- Shota Managadze
- Born: 19 March 1901 Kutaisi, Kutaisi Governorate, Russian Empire
- Died: 22 June 1977 (aged 76) Tbilisi, Georgian SSR, Soviet Union
- Resting place: Saburtalo Pantheon, Tbilisi
- Occupations: Film director, screenwriter
- Years active: 1938–1976

= Shota Managadze =

Georgian film director (1901–1977)

Shota Ilias dze Managadze (შოთა მანაგაძე; 19 March 1901 – 22 June 1977) was a Georgian film director and screenwriter. He worked at the Georgian Film Studio for several decades and was named a People's Artist of the Georgian SSR in 1966.

== Early life and education ==
Managadze was born on 19 March 1901 in Kutaisi. He studied at Tbilisi State University and at a theatre studio in Tbilisi, and in 1938 graduated from the directing faculty of the Gerasimov Institute of Cinematography (VGIK) in Moscow.

== Career ==
After working in the theatre as an actor and director during the 1920s and early 1930s, Managadze joined the Tbilisi film studio (now Gruziya-Film), where he spent the rest of his career as a director and screenwriter.

His films include The Bridge (1942), Troublesome Neighbours (1945), Masters of Georgian Ballet (1955, with Vakhtang Chabukiani), The Lad from Sabudara (1957), Flower on the Snow (1959), Who Will Saddle the Horse? (1963), Khevsur Ballad (1965), and The Honest Eye (1976).
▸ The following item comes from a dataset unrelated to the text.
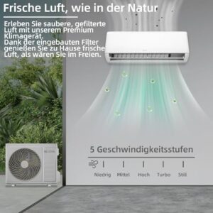 - 🌬️ Hochwertige Luftzirkulation & Entfeuchtung: Der 3D Air Flow (horizontal/vertikal Auto Swing) verteilt die Luft gleichmäßig, während die Entfeuchtungsfunktion schwüle Luft reduziert, ohne den Raum übermäßig auszutrocknen.

He co-directed Expectation (1970) and Tsutisopeli (1971) with his son, the director Nodar Managadze.

== Awards and honours ==
- People's Artist of the Georgian SSR (1966)
- Komsomol Prize of Georgia (1974)
- Order of the October Revolution (1976)

== Personal life ==
Managadze's son, Nodar Managadze, was also a film director. Shota Managadze died in Tbilisi on 22 June 1977 and was buried at the Saburtalo Pantheon.